Most Aviation Near Misses Involve Pilots Using Eyes, Not Instruments

Uncontrolled airspace like that over the Hudson River where the mid-air collision between a single-engine Piper and a sight-seeing helicopter accounts for about half the reports of near misses, according to NPR's Robert Benincasa who talked with host Madeleine Brand on All Things Considered.

Robert looked at near-miss data even before Saturday's accident, reviewing about 1,800 reports filed by pilots to the Federal Aviation Administration In the ten years from 1998 to 2008.

Not only did he find that nearly half of the reports came from uncontrolled airspace; he also learned that three-quarters of all the near-misses involved aircraft being operated under visual flight rules.

These flights tend to be of the general aviation variety, smaller, often single-engine aircraft whose pilots frequently are not certified to fly planes when cloud cover is relatively low. That requires a pilot to have an instrument rating.
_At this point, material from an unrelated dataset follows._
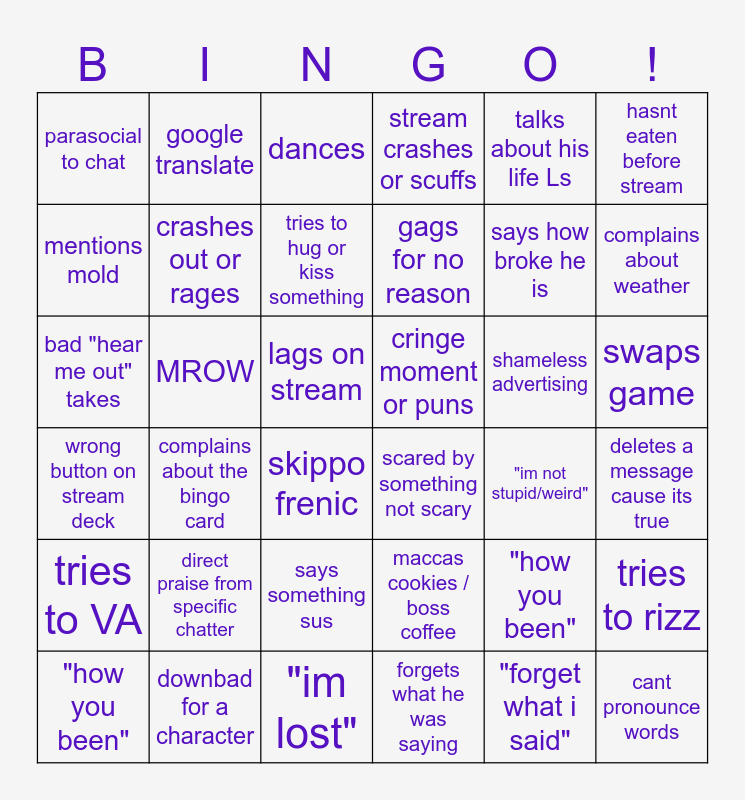 This bingo card has 36 words: maccas cookies / boss coffee, says something sus, forgets what he was saying, mentions mold, wrong button on stream deck, cringe moment or puns, crashes out or rages, "im lost", talks about his life Ls, "how you been", complains about weather, stream crashes or scuffs, tries to rizz, MROW, gags for no reason, parasocial to chat, tries to VA, shameless advertising, bad "hear me out" takes, dances, lags on stream, complains about the bingo card, scared by something not scary, skippo frenic, "im not stupid/weird", google translate, says how broke he is, downbad for a character, tries to hug or kiss something, hasnt eaten before stream, cant pronounce words, "how you been", deletes a message cause its true, swaps game, direct praise from specific chatter and "forget what i said".

Flying using VFR, pilots must be able to navigate by sight to "see and avoid" hazards, including other aircraft.

Madeleine asked how such an accident could happen on a "nice sunny day."

Robert said:

"It may be difficult because it's a nice, sunny day and there's so much traffic. Pilots tell me it's very difficult to keep track of it all and worry about controlling your aircraft. So, the pilots, relying on their eyes, there also subject to the limitations of their vision."
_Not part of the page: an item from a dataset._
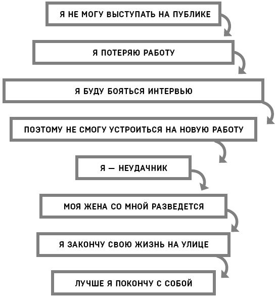 Нынешний «эпизод», из-за которого Джимми попал в приемное отделение «Скорой помощи», начался две недели назад, когда он узнал, что должен провести презентацию для одного из крупнейших клиентов своей компании. Это наполнило его ужасом. Он сказал мне: «Если бы меня попросили описать, на что похож этот страх, я бы сказал, что это похоже на ситуацию, когда ты находишься в камере смертников и твое время вышло. Охранник открывает дверь, и ты должен сделать первый шаг… Вот такой страх пробирает меня до костей». Джимми боролся с глоссофобией (страхом публичных выступлений) еще со средней школы. Благодаря упражнению под названием «Разорвать узы прошлого», о котором я расскажу позже, мы узнали, что этот страх начался, когда ему было 12 лет, в тот день, когда его бабушка заставила его выступить свидетелем в Верховном суде округа Лос-Анджелес, дав показания о том, почему его отец, один из лидеров уличной банды, не должен быть приговорен к смертной казни за двойное убийство. Тревожные драконы Джимми дохнули огнем на центры страха в его молодом мозгу, вызвав движение множества НАМов, в том числе: «Что, если я не смогу как следует выступить в суде и в конечном итоге стану причиной смерти своего отца?»

Meanwhile, there was another sort of near miss. Swimmer Dana Torres told the Associated press she took a helicopter tour with the ill-fated pilot just days before Saturday's accident.

The Associated Press reported:

Swimmer Dara Torres says she took a New York helicopter tour last week with the same pilot who died in a crash with a small plane over the Hudson River.

Torres tells The Associated Press she took her 3-year-old daughter, Tessa, on a tour last Thursday during a stopover in New York after the world swimming championships. The helicopter belonged to Liberty Tours and was flown by 32-year-old Jeremy Clarke.